Additionally systemd-udevd processes 60-persistent-storage.rules and 13-dm-disk.rules to create entries under /dev/disk/by-parttable as this info is also obtained from the partition table itself.
by-partlabel: These labels are also stored in partition tables along with the partition IDs. A symbolic link is created using these labels. The partition labels do not change if the filesystems on the partitions change.
When all the rules are processed, at the end systemd-udevd sends out a uevent. The user can monitor such events to understand if mkfs created the filesystem successfully.

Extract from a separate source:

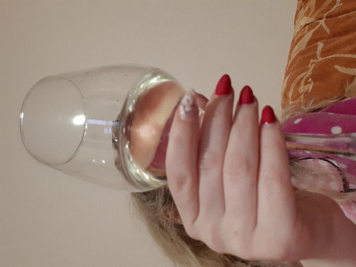 close-up, low-angle perspective of a person's right hand holding a clear stemware glass containing a light-colored liquid. The fingers are wrapped around the glass stem, with the fingernails manicured and painted solid red, except for the ring finger, which has a white patterned design. Partially visible on the left is blonde hair and a pink garment with white polka dots. On the lower right, a textured orange-brown fabric is present. The background is a plain, light-colored wall, and a distinct reflection of an artificial light source is visible in the glass and liquid. The scene is set indoors, in Jerusalem, Israel.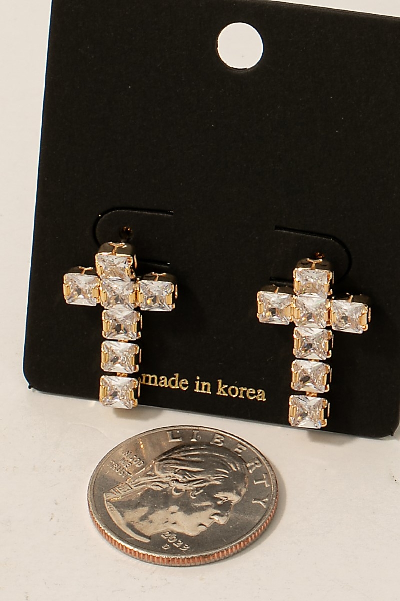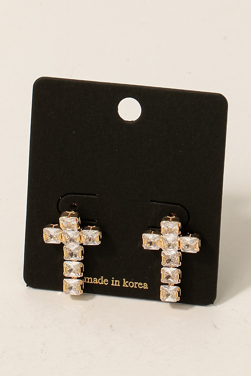 - This pair of drop earrings introduces a stunning square faceted glass gems cross stud style. Experience the joy of accessorizing with this piece that effortlessly combines versatility and charm.

A sample uevent after rule processing is given below for mkfs.btrfs:
UDEV [10290436.879909] change /devices/pci0000:00/0000:00:04.7/0000:18:00.0/virtio1/host5/target5:0:0/5:0:0:3/block/sda/sda1 (block) .ID_FS_TYPE_NEW=btrfs ACTION=change DEVLINKS=/dev/disk/by-partuuid/23ea5dc6-01 /dev/disk/by-id/scsi-360c098be9b3d46079481cfe39aae948e-part1 /dev/oracleoci/oraclevdc1 /dev/disk/by-id/wwn-0x60c098be9b3d46079481cfe39aae948e-part1 /dev/disk/by-label/data-btrfs /dev/disk/by-path/pci-0000:18:00.0-scsi-0:0:0:3-part1 /dev/disk/by-uuid/cd530dea-7f4d-45be-a307-f683fa43c2cc DEVNAME=/dev/sda1 DEVPATH=/devices/pci0000:00/0000:00:04.7/0000:18:00.0/virtio1/host5/target5:0:0/5:0:0:3/block/sda/sda1 DEVTYPE=partition DISKSEQ=6 ID_BTRFS_READY=1 ID_BUS=scsi ID_FS_LABEL=data-btrfs ID_FS_LABEL_ENC=data-btrfs ID_FS_TYPE=btrfs ID_FS_USAGE=filesystem ID_FS_UUID=cd530dea-7f4d-45be-a307-f683fa43c2cc ID_FS_UUID_ENC=cd530dea-7f4d-45be-a307-f683fa43c2cc ID_FS_UUID_SUB=8aa1005f-d98b-46a5-95a8-3573d192b1bf ID_FS_UUID_SUB_ENC=8aa1005f-d98b-46a5-95a8-3573d192b1bf ID_MODEL=BlockVolume ID_MODEL_ENC=BlockVolume\\x20\\x20\\x20\\x20\\x20 ID_PART_ENTRY_DISK=8:0 ID_PART_ENTRY_NUMBER=1 ID_PART_ENTRY_OFFSET=2048 ID_PART_ENTRY_SCHEME=dos ID_PART_ENTRY_SIZE=104855552 ID_PART_ENTRY_TYPE=0x83 ID_PART_ENTRY_UUID=23ea5dc6-01 ID_PART_TABLE_TYPE=dos ID_PART_TABLE_UUID=23ea5dc6 ID_PATH=pci-0000:18:00.0-scsi-0:0:0:3 ID_PATH_TAG=pci-0000_18_00_0-scsi-0_0_0_3 ID_REVISION=1.0 ID_SCSI=1 ID_SCSI_INQUIRY=1 ID_SERIAL=360c098be9b3d46079481cfe39aae948e ID_SERIAL_SHORT=60c098be9b3d46079481cfe39aae948e ID_TYPE=disk ID_VENDOR=ORACLE ID_VENDOR_ENC=ORACLE\\x20\\x20 ID_WWN=0x60c098be9b3d4607 ID_WWN_VENDOR_EXTENSION=0x9481cfe39aae948e ID_WWN_WITH_EXTENSION=0x60c098be9b3d46079481cfe39aae948e MAJOR=8 MINOR=1 PARTN=1 SCSI_IDENT_LUN_NAA_REGEXT=60c098be9b3d46079481cfe39aae948e SCSI_MODEL=BlockVolume SCSI_MODEL_ENC=BlockVolume\\x20\\x20\\x20\\x20\\x20 SCSI_REVISION=1.0 SCSI_TPGS=0 SCSI_TYPE=disk_
This UDEV type of event are meant for various applications. They can register to receive notification for such events and take necessary actions as per the application design.